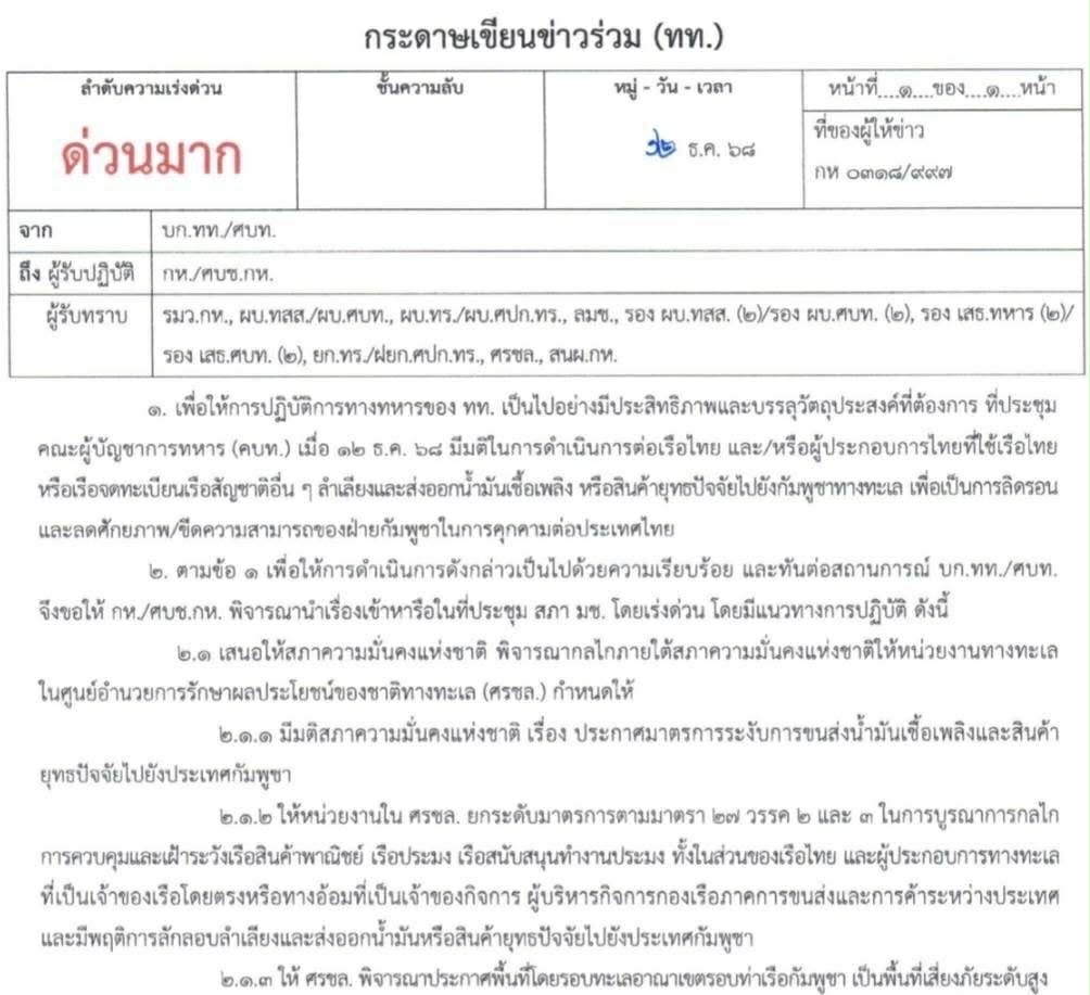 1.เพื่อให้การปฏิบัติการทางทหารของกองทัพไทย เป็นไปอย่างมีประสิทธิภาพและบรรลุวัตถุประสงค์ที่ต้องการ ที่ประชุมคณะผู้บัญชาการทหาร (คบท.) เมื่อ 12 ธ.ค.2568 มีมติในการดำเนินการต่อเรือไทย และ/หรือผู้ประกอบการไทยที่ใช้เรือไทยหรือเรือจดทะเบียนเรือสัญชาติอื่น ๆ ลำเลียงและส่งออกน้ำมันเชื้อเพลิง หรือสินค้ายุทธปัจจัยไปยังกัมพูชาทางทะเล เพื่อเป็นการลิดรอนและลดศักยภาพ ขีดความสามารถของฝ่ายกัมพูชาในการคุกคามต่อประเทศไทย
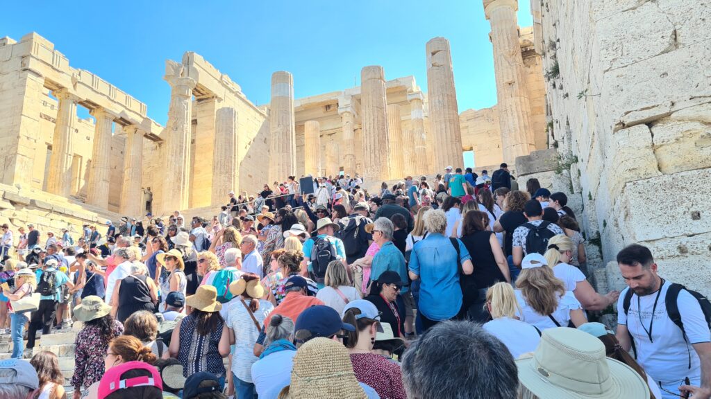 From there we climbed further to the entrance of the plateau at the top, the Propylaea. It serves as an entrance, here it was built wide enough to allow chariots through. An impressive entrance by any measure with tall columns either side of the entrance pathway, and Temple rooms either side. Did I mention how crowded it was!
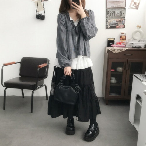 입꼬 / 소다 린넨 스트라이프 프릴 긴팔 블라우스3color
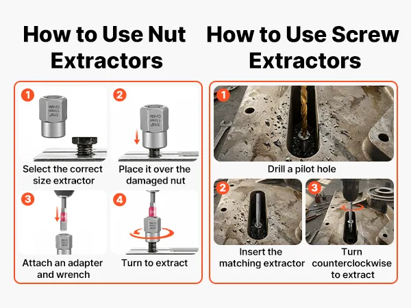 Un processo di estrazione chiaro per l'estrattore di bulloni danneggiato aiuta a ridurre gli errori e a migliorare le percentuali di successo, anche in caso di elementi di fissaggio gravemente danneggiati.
════════════════════
[TASK DIRECTIONS]
Output an exact copy of the material, with the pictures removed.

[TASK RESPONSE]
 1.เพื่อให้การปฏิบัติการทางทหารของกองทัพไทย เป็นไปอย่างมีประสิทธิภาพและบรรลุวัตถุประสงค์ที่ต้องการ ที่ประชุมคณะผู้บัญชาการทหาร (คบท.) เมื่อ 12 ธ.ค.2568 มีมติในการดำเนินการต่อเรือไทย และ/หรือผู้ประกอบการไทยที่ใช้เรือไทยหรือเรือจดทะเบียนเรือสัญชาติอื่น ๆ ลำเลียงและส่งออกน้ำมันเชื้อเพลิง หรือสินค้ายุทธปัจจัยไปยังกัมพูชาทางทะเล เพื่อเป็นการลิดรอนและลดศักยภาพ ขีดความสามารถของฝ่ายกัมพูชาในการคุกคามต่อประเทศไทย
 From there we climbed further to the entrance of the plateau at the top, the Propylaea. It serves as an entrance, here it was built wide enough to allow chariots through. An impressive entrance by any measure with tall columns either side of the entrance pathway, and Temple rooms either side. Did I mention how crowded it was!
 입꼬 / 소다 린넨 스트라이프 프릴 긴팔 블라우스3color
 Un processo di estrazione chiaro per l'estrattore di bulloni danneggiato aiuta a ridurre gli errori e a migliorare le percentuali di successo, anche in caso di elementi di fissaggio gravemente danneggiati.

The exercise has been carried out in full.